Tese
Condrotoxicidade e efeitos inflamatórios in vitro e in vivo da ropivacaína em equinos
Autor
Silva, Gabriele Biavaschi da
Institución
Resumen
Local anesthetics are routinely used in lameness diagnosis and joint pain control in horses, but because
of their potential toxicity, they should be used with caution in order to avoid the development of joint
disease. Previous studies in humans demonstrate ropivacaine as a less toxic alternative, motivating
interest in the use of this anesthetic by the intra-articular (IA) route in horses. The objective of this
study was to evaluate the IA effects of ropivacaine in vitro and in vivo. For viability evaluation,
monolayer chondrocytes were divided into six groups and exposed to 30 minutes of treatment. The
groups were: chondrogenic medium (DMEM), ropivacaine 7.5mg/ml, ropivacaine 10mg/ml, saline
0.9%, mepivacaine 20mg/ml and mepivacaine 30mg/ml. Chondrocyte viability was assessed by trypan
blue, MTT and flow cytometry methods. To evaluate gene expression in vitro, pellets cultures of
chondrocytes were used and submitted to 30 minutes of the following treatments: mepivacaine
20mg/ml, ropivacaine 10mg/ml and saline 0.9%. The cells were evaluated by Real-Time Quantitative
Polymerase Chain Reaction (qPCR) to investigate the expression of Ilb1, Il6, Mmp9, Mmp13, Acan
and Col2a1. The in vivo study was performed with the administration of 10 mg/ml ropivacaine and
saline in the tibiotarsal joints of eight ponies. Synovial fluid samples were collected before and 24
hours after treatment. Then, samples were evaluated for total nucleated cells count, total protein and
mucin precipitate evaluation. After 24 hours, the ponies were anesthetized and samples of synovia and
cartilage were collected through arthroscopy to evaluate by qPCR. In the synovia and cartilage
samples Ilb1, Il6, Mmp9 and Mmp13 were evaluated; genes Acan and Col2a1 were also evaluated in
the cartilage samples. The evaluation of cell viability produced different results in the different assays:
in the trypan blue method there was no difference; the MTT method demonstrated less viability of
cells treated with ropivacaine than DMEM. Differently, flow cytometry did not show differences
between ropivacaine 7.5mg ml and DMEM. In chondrocytes cultured in pellets, the expression of the
evaluated genes was similar in the mepivacaine, ropivacaine and saline treatments. In pellets treated
with mepivacaine and ropivacaine there was downregulation of the expression of Il6 and Mmp13
before and after treatment. After exposure to ropivacaine, there was downregulation of Mmp9 levels.

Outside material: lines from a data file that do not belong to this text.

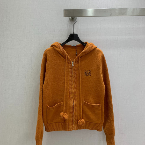 로*베 아나그램 자수 울 후드 집업 가디건
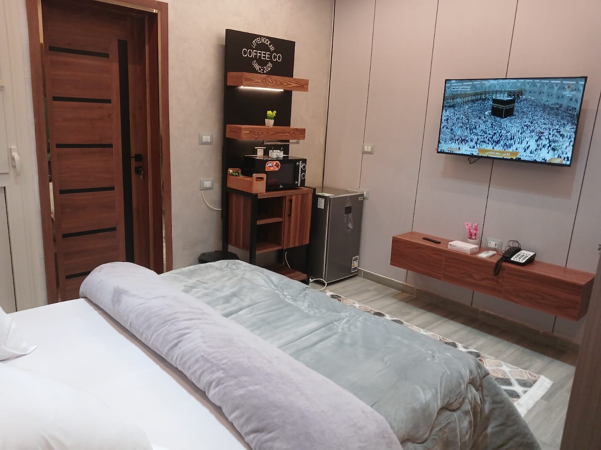 غرفة 7 غرفة فندقية ذات تشطيب عصري راقى ، الغرفة مجهزة بالكامل بكافة الخدمات ، مكون من .. سرير كبير و ادوات كهربائية و حمام و مطبخ و حراسة للفندق 24 ساعة و يوجد واي فاي و استراحة خارج الفندق لتناول الطعام و المشروبات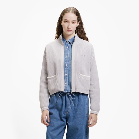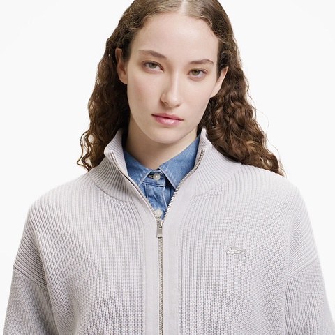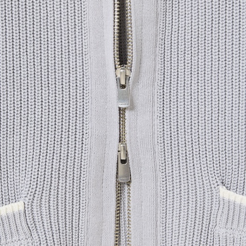 ローゲージニットならではのヌケ感が際立つジップアップニットブルゾン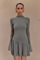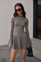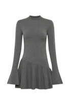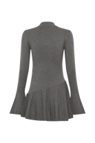 Introducing the BLAIR Knit Mini Dress with Pleats, a perfect blend of contemporary style and effortless elegance. This dress features a chic high neckline and long sleeves, ideal for transitional weather. The asymmetrical skirt panel seam adds a modern touch, while the pleated lower skirt creates beautiful movement. Flared sleeve hems enhance the unique silhouette, making this dress a standout choice. With its playful mini length, it pairs beautifully with your favourite ankle boots or heels, making it perfect for both day and evening wear.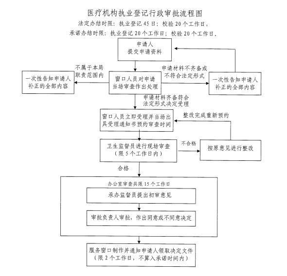 (二)审批承诺时限:设置审批20个工作日(不包括整改时间)。、执业登记20个工作日、校验20个工作日。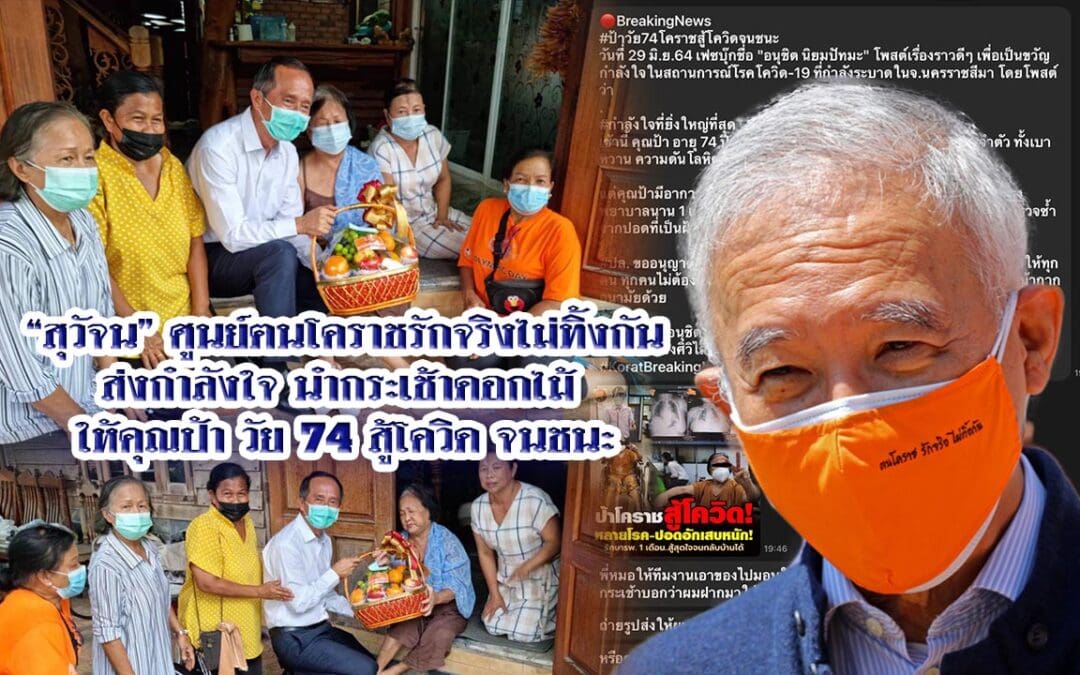 suwat“สุวัจน” ศูนย์ฅนโคราชรักจริงไม่ทิ้งกัน ส่งกำลังใจ นำกระเช้าดอกไม้ ให้คุณป้า วัย 74 สู้โควิดจนชนะ

In turn, the short exposure of the pellets to mepivacaine caused an increase in Col2a1 expression. In
vivo results demonstrated that ropivacaine and saline cause inflammation in the synovial fluid when
applied IA. However, no differences were observed between anabolic and cartilage catabolic markers
between treatments. Only Mmp9 levels in synovia were increased following ropivacaine treatment.
The in vitro results of this study suggest that short exposure to ropivacaine may result in a lower cell
death rate than exposure to mepivacaine; in addition, mepivacaine and ropivacaine did not cause
unbalance of chondrocyte homeostasis and appear to have some anti-inflammatory effect. Finally, the
in vivo study revealed similarity between the effects of the IA treatment of ropivacaine and saline,
suggesting that this anesthetic is a safe option for IA use.